Pushed into brave new territory, Terry O’Quinn gave a wide-ranging performance that sold the narrative trickery, galvanized Locke as an all-time fan favorite, and truly cut deep for the first of many times in the show’s rewarding run. “Don’t tell me what I can’t do!” Locke cries. Indeed, “Walkabout” is an episode that earns that statement’s defiant independence.
In the third season of Lost we encountered Nikki and Paolo. What? You don’t remember them? They were the ones that got buried alive with all those diamonds. Titled “Exposé”, episode 14 of season three centered on these two non-main characters—one a two-bit actress, the other a chef – both who poisoned a studio executive and made off with his diamonds only to find themselves on the unlucky flight of Oceanic 815.
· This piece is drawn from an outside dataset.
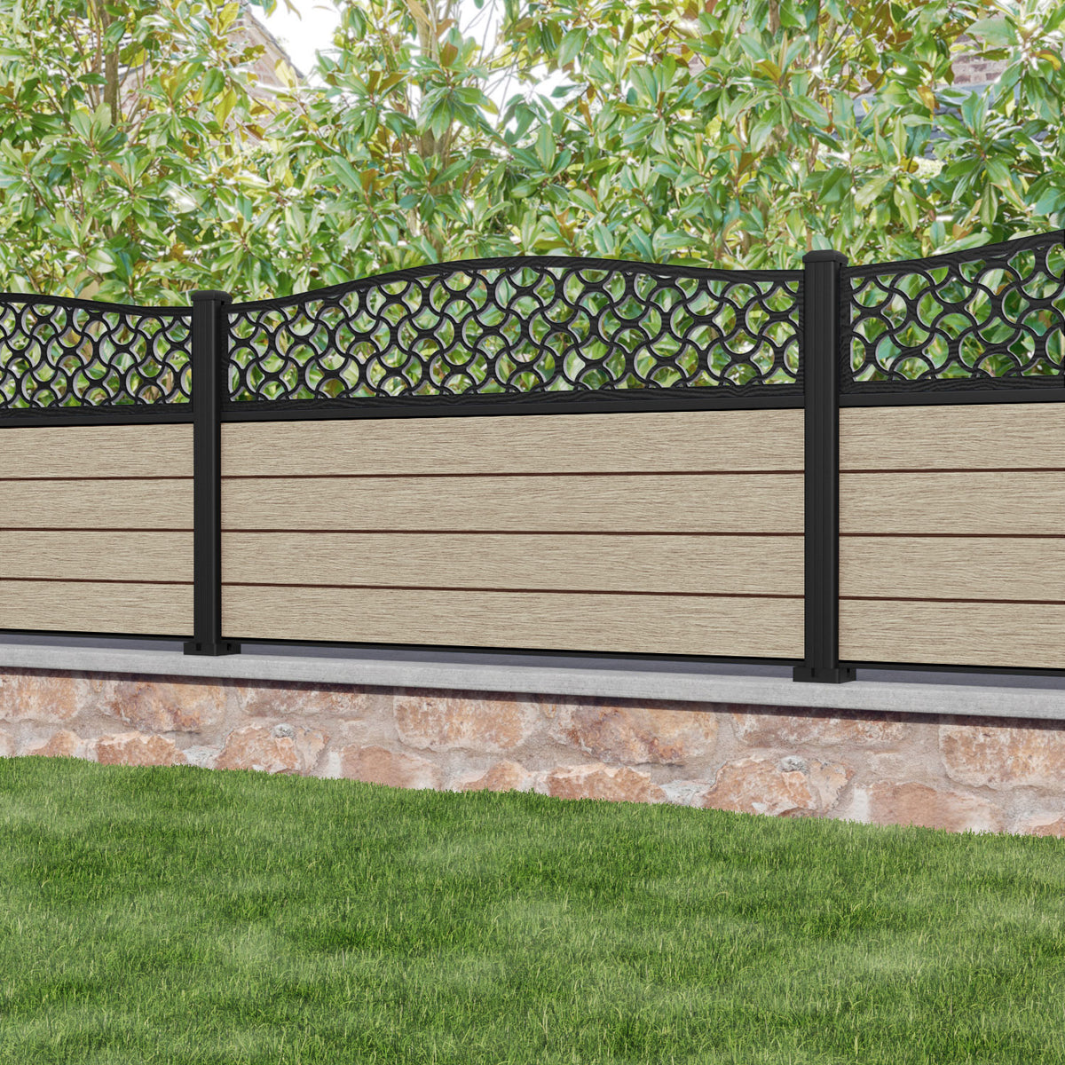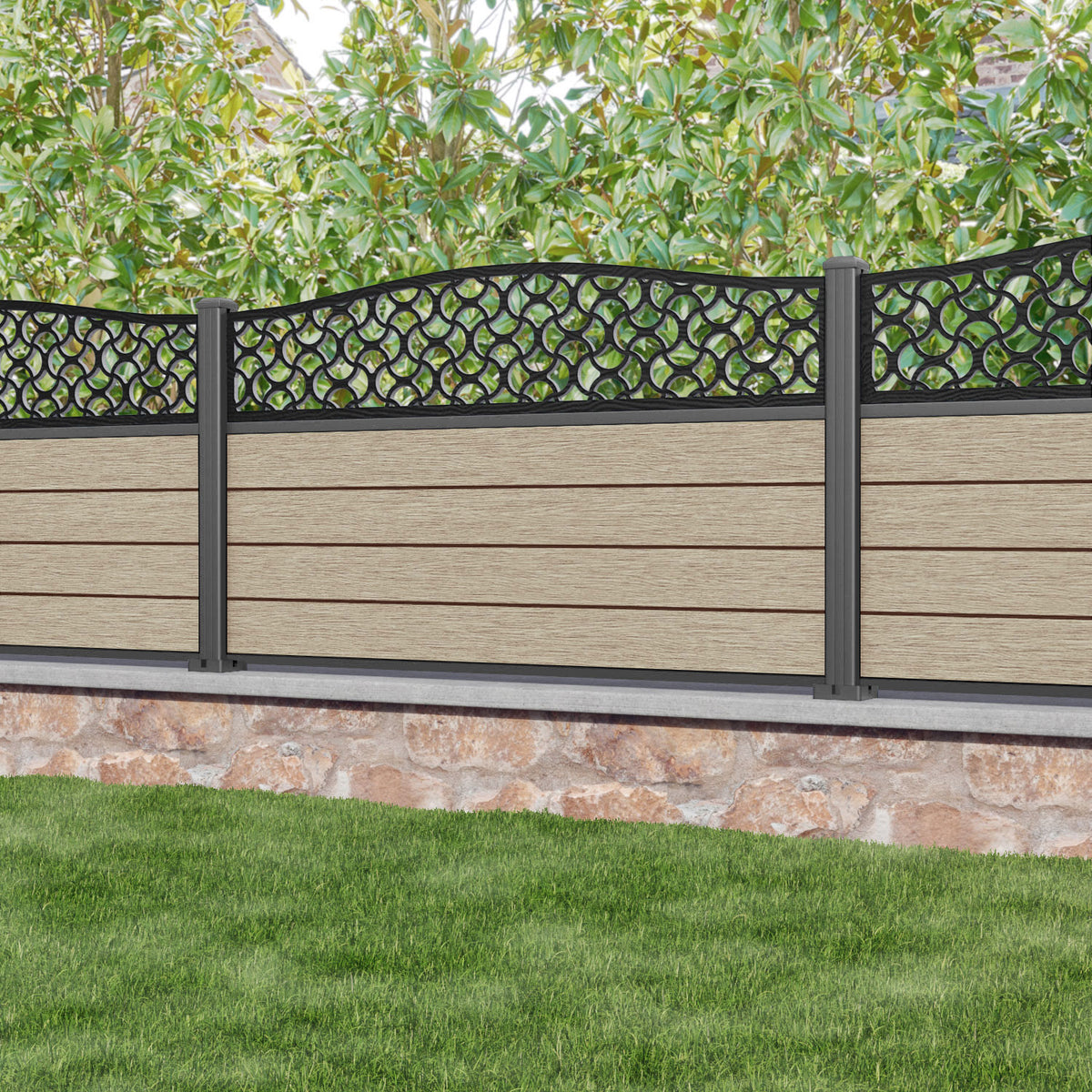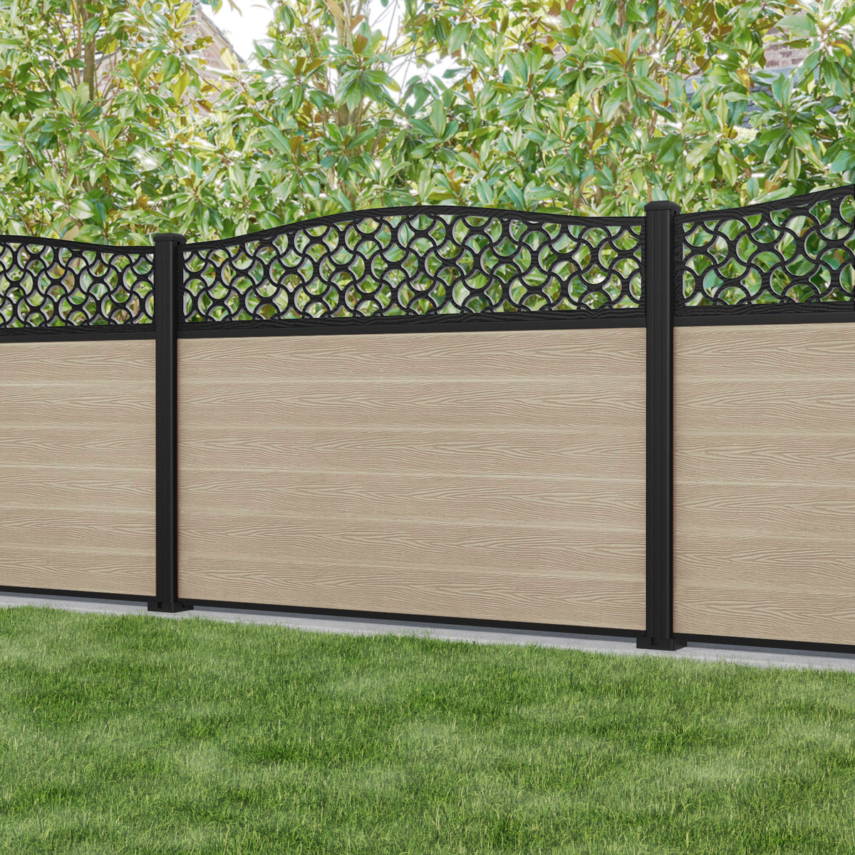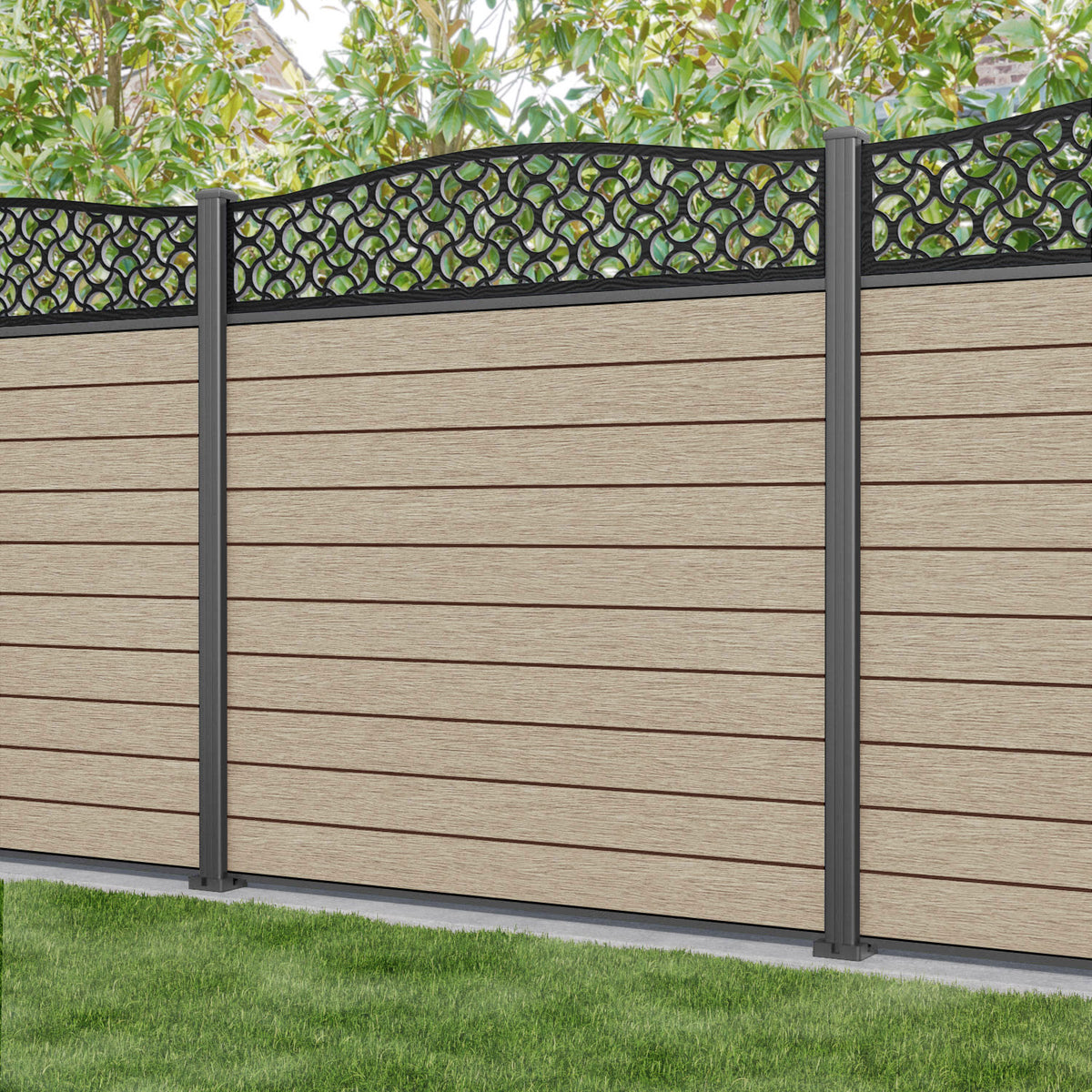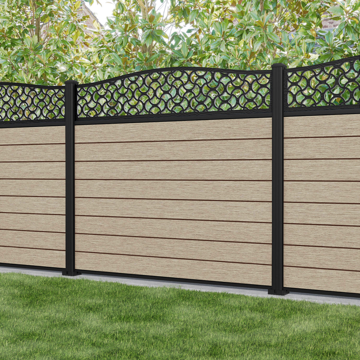 Fusion Vida Curved Top Fence Panel Light Oak - with our aluminium posts

Universally despised by fans according to show co-creator Damon Lindelof, “Exposé” was thought as filler, one of those “self-contained” episodes that give us a complete arc start to finish with little connection to the main season or series arc. In the comic world, we call these kinds of contained stories “one-shots”. Yet what a one-shot it was. With the slow progression and endless cliffhangers that are notorious about Lost, watching Nikki and Paolo steal some diamonds, deceive a bunch of people, and then finally get buried alive—all within 42-minutes—was pretty exciting. The closing shot of Nikki’s eye opening as Hurley and Sawyer fill in the sandy grave is one that will stick with me long after the show is over. Goodbye Nikki and Paolo; we barely knew ye.
“Do No Harm”
The debate about Lost‘s impact on pop culture is over. Whether you love it or hate it, Lost is special; it became special in the 20th episode of its first season, “Do No Harm”. That is the episode when the makers of Lost put the show’s viewers on notice; it’s the episode that proved they were playing for keeps. In “Do No Harm”, Boone dies.
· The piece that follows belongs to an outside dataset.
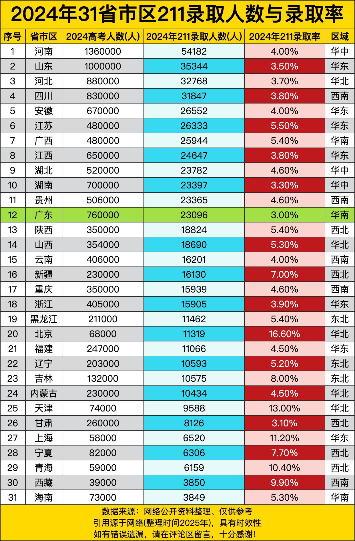 河南那高考人数,136万,简直是千军万马过独木桥!5万多考进211,录取率4%,看着不算低,但架不住人多呀。就像大池塘里捞鱼,鱼是不少,可想捞到好鱼也费劲呐。再看山东,百万考生大军,录取率3.5%,真的是竞争激烈,每一个录取名额都得拼个头破血流! 嘿,再瞅瞅那些录取率高的地方。北京可太让人眼馋了,就6.8万考生,录取率高达16.6%!这就好比在自家小院子里随便捞几条鱼,那还不轻松?还有上海,录取率11.2%,吉林8%,天津13%。人家那边考生少,高校资源相对还多,真是老天爷追着喂饭吃,在这些地方高考,压力瞬间就小了不少。 然而像广东,76万考生,录取率却只有3%,简直是高考“洼地”。人也不少,录取率却低得可怜,就像在沙漠里找绿洲,难啊!这差距,让广东的家长们能急得跳脚。还有湖南、四川这些地方,录取率也不高,考生们太不容易了,每一步都走得艰难。 这各地高考录取情况,真的是旱的旱死,涝的涝死。有的地方考生躺着都能上211,有的地方孩子拼死拼活都不一定能够着。咱也希望教育资源能更均衡些,别让孩子们一出生就输在这起跑线上。不过话说回来,不管在哪儿,努力学习才是硬道理,说不定哪天政策变了,大家都能有个好前程呢!
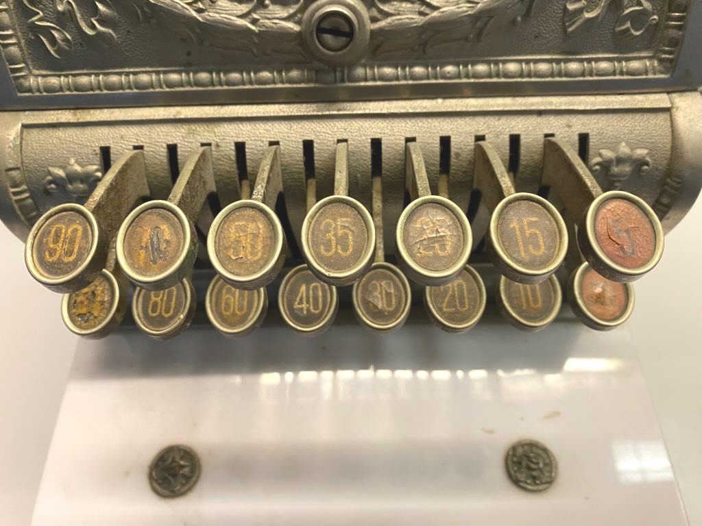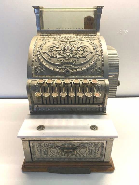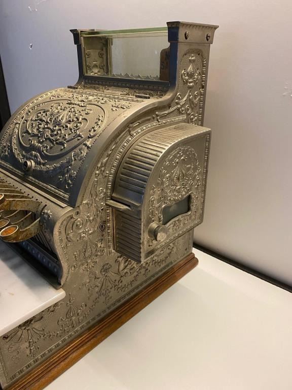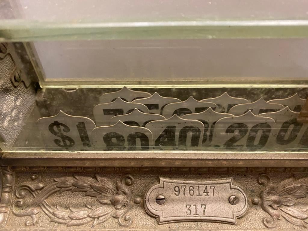 Brass candy store size National Cash register model 317 Serial Number 976147 Circa 1914-1915 with plate reading “The National Cash Register Co., Dayton, Ohio U.S.A.”. Measures 17” tall x 11 ½” wide x 16 Depth. In good working condition. Est.: $200-$400

TV shows have killed off characters before, of course, but to kill off a series regular, a popular one played by one of your youngest, best-looking actors before the end of the first season was until now unheard of. With “Do No Harm” the showrunners made it clear that nobody was safe on this island. In a show that routinely asked its viewers to suspend belief, the one critical thing that could not be overlooked was that people would die.
Others would merely fall—Shannon, Ana Lucia, Libby, Mr. Eko, Michael, Charlie, Farraday, Juliet, Jin, Sun and Sayid—but this episode set the precedent that nobody was safe, not even Lost‘s viewers.
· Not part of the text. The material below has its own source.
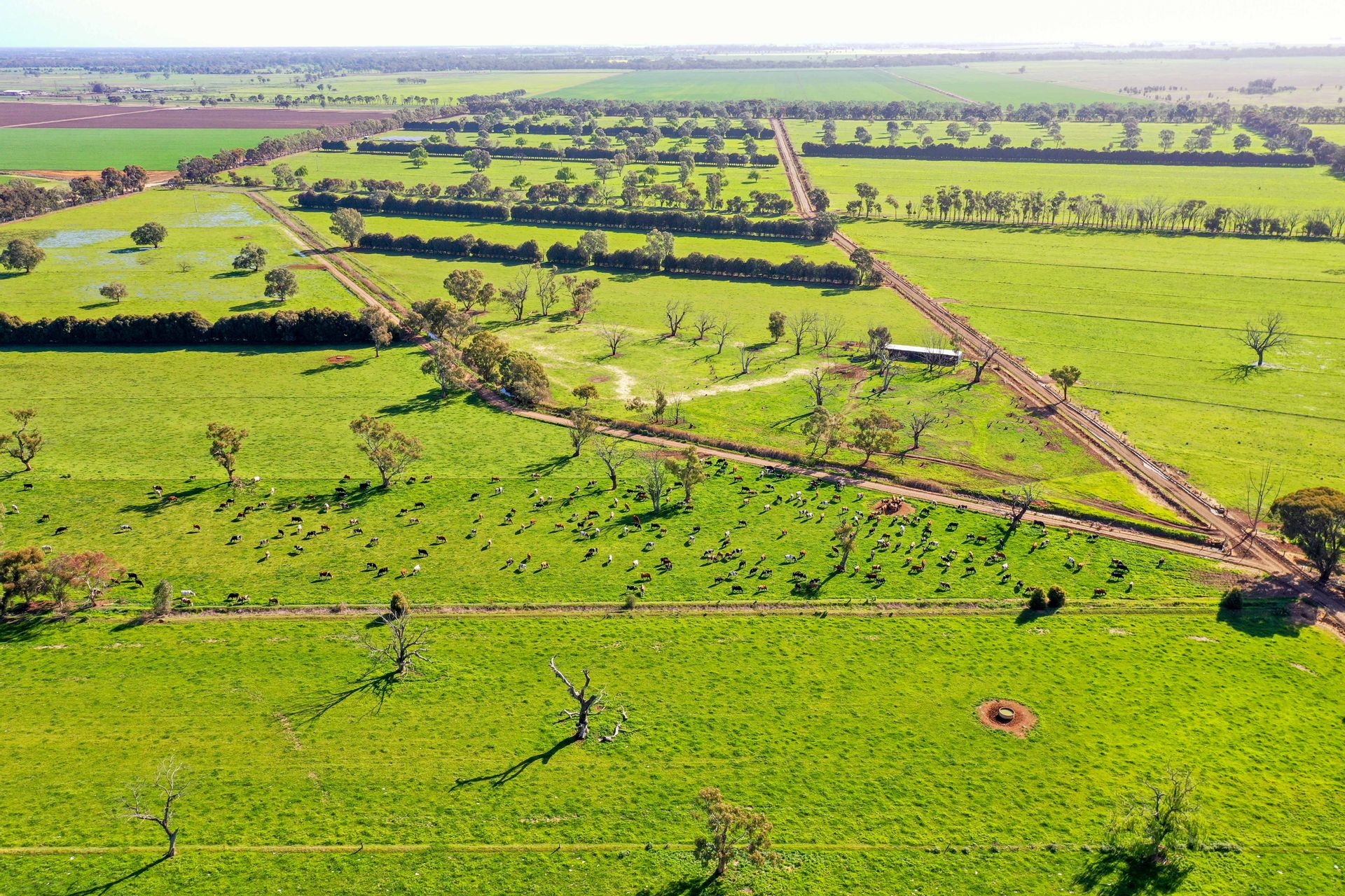 The water entitlement includes 1700 megalitres deep lead bore license plus 62 megalitres of high reliable water share (Goulburn) system, 4.28 delivery shares with 1 main service point only, supplying the modernised pipe and riser system throughout the majority of the farm (250 Hectares) with the balance of land currently dry land cropping with a farm plan able to command this area as well.
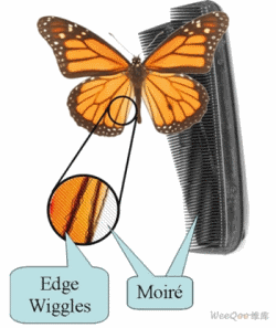 為了反映鏡像邊帶沒有衰減的效果,圖3b和3c示意了奈奎斯特頻率和時鐘頻率處的頻譜重疊。這些疊加的鏡像邊帶信號(圖3d)與視頻信號相比具有隨機的相位差。圖4表示我們需要避免的圖像誤差!斑吘墧[動”是高頻邊緣干擾,它重疊在視頻信號上,具有隨機變化的相位。摩爾效應(yīng)是時鐘、視頻信號頻率之間相互作用的結(jié)果。

“Through the Looking Glass”
Clearly, “Through the Looking Glass” not only redefined Lost in one awesome swoop, but also rescued it from a narrative black hole, reinvigorating the entire series completely, which it badly needed. Jack’s war with the Others, which left us dangling in the second season cliff-hanger, finally came to pass. Its climax: a savage fight between Jack and Ben. I feel a bit guilty, succumbing to baser instincts here, but how cathartic it was to see Jack wail on Ben, bruising him up badly and finally avenging the torturous psychological experiments Ben had put him through.
There was also the sense that the characters had finally begun to learn from previous mistakes, as demonstrated, for example, in the blackly comic scene when Sawyer executes the crafty Other known as Tom Friendly. It would have been typical of the show to have kept this threat alive so that at a later date, Tom Friendly could cause more trouble for our heroes. Instead, in spite of his declaration of surrender (which Sawyer didn’t believe), Tom Friendly was quickly dispatched by Oceanic Flight 815’s bad boy.
Speaking of character development, the last few episodes made fans reinvest their interest in Charlie Pace and his heroic sacrifice. Typical of Lost, just when you start to like someone, they have to go and die on you.